|New drugs on horizon?
Feb 26, 2004
I have been reading about 2 new HIV drug classes in development called integrase inhibitors and transcription inhibitors. How far out are these from being viable and effective HIV treatment options?
Also, what is your opinion of using Tenofovir + 3TC + Sustiva as a first-line regemin, rather than AZT + 3TC + Sustiva? I have heard that Tenofovir has fewer serious side effects than AZT.
| Response from Dr. Pierone
Transcription is the process by which DNA is transformed into RNA. Reverse transcription is when RNA is converted into DNA. Most of the currently available antiretrovirals are reverse transcriptase inhibitors that prevent HIV RNA from being changed to HIV DNA. Integrase inhibitors block an enzyme (integrase) that enables HIV DNA (after reverse transcription) to get into the host cell DNA.
We have nucleoside reverse transcriptase inhibitors (AZT, ddI, 3TC, etc) and non-nucleoside reverse transcriptase inhibitors (nevirapine, efavirenz) available now. New classes of drugs that block this enzyme are being investigated, but not yet in humans (that I know of). Second generation agents in these current classes are in the pipeline (nukes - Reverset, SPD-754; non-nuke-capravirene, TMC-125) targeting resistant virus.

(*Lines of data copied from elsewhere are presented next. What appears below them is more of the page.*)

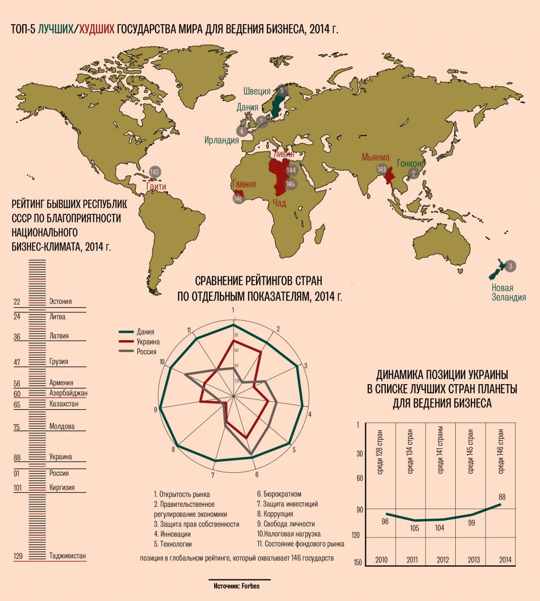 В нынешнем году по качеству бизнес-климата Украина оказалась 88‑й из 146 государств, расположившись в глобальном листинге между Тунисом и Шри-Ланкой. Эти показатели зафиксированы девятым ежегодным рейтингом «Лучшие страны для ведения бизнеса 2014», подготовленным авторитетным американским изданием Forbes. Информацией для анализа послужили результаты исследований таких влиятельных международных организаций, как Всемирный экономический форум, Всемирный банк, Transparency International и другие.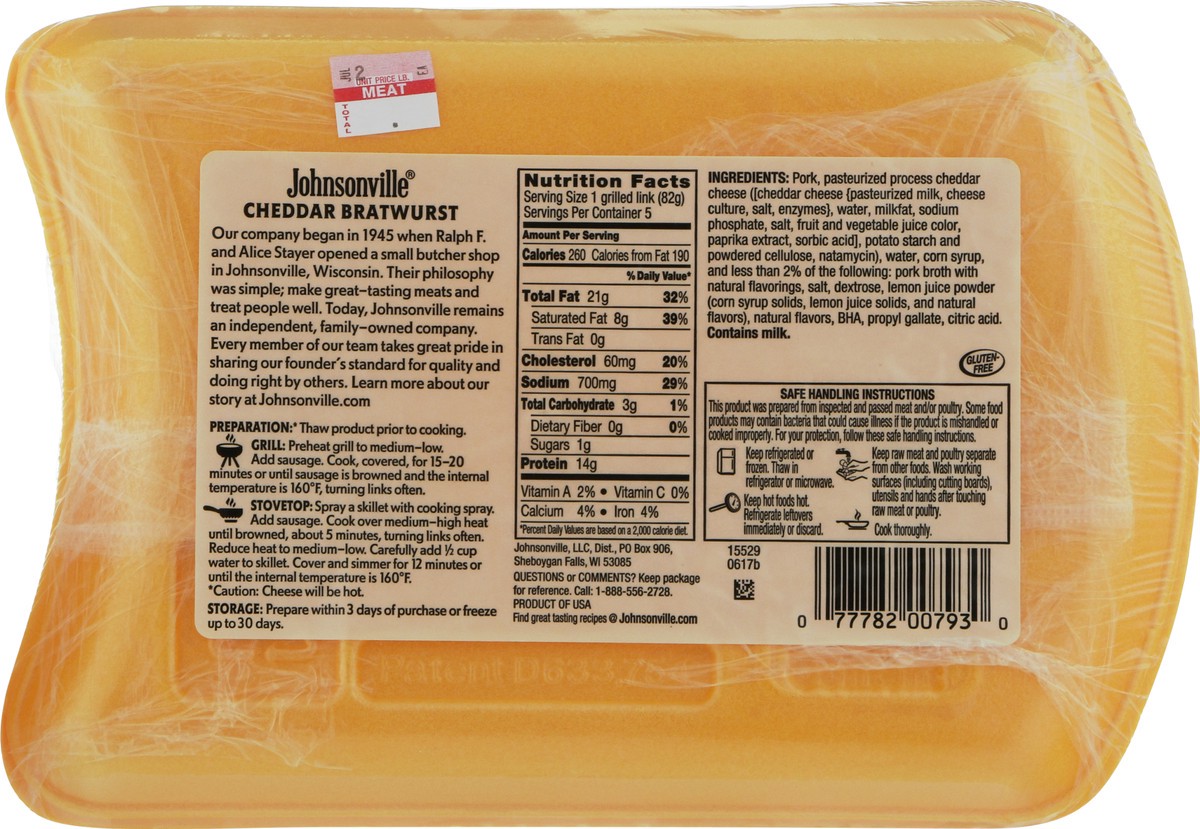 Johnsonville Cheddar Bratwurst Brats 5 Links - 19 Oz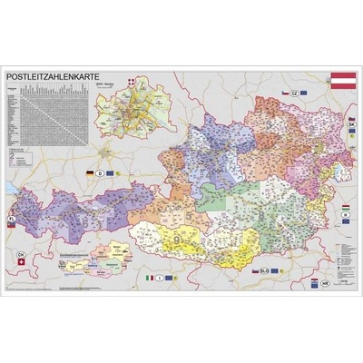 Nástěnná mapa Rakouska s poštovními směrovacími čísly.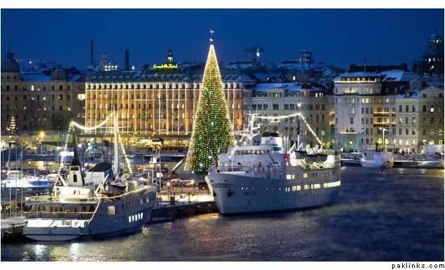 A 36-metre tall Christmas tree is lit up in central Stockholm December 2, 2012.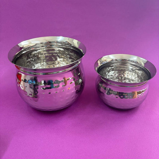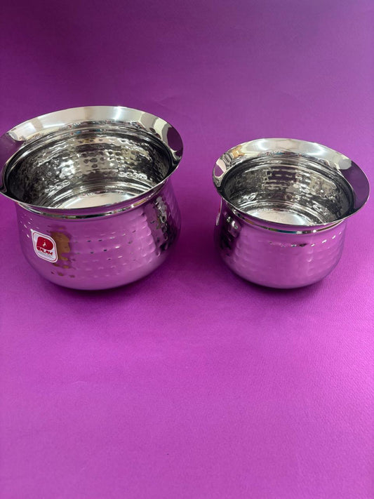 Pottu Gundu - Stainless Steel | Hammered Round Pot for Cooking & Serving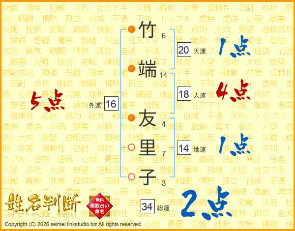 竹端友里子さんの総運は34画の2点!

Integrase inhibitors are being developed. Merck has promising agents (L870,810; L870,812) and Shinogi had one that failed (S-1360) and at least one more in development.
Given the two choices above for first line therapy, my preference would be tenofovir +3TC + Sustiva over AZT +3TC + Sustiva. Tenofovir has fewer side effects than AZT and does not blunt the CD4 count increase. Also, this is a once daily regimen instead of twice daily.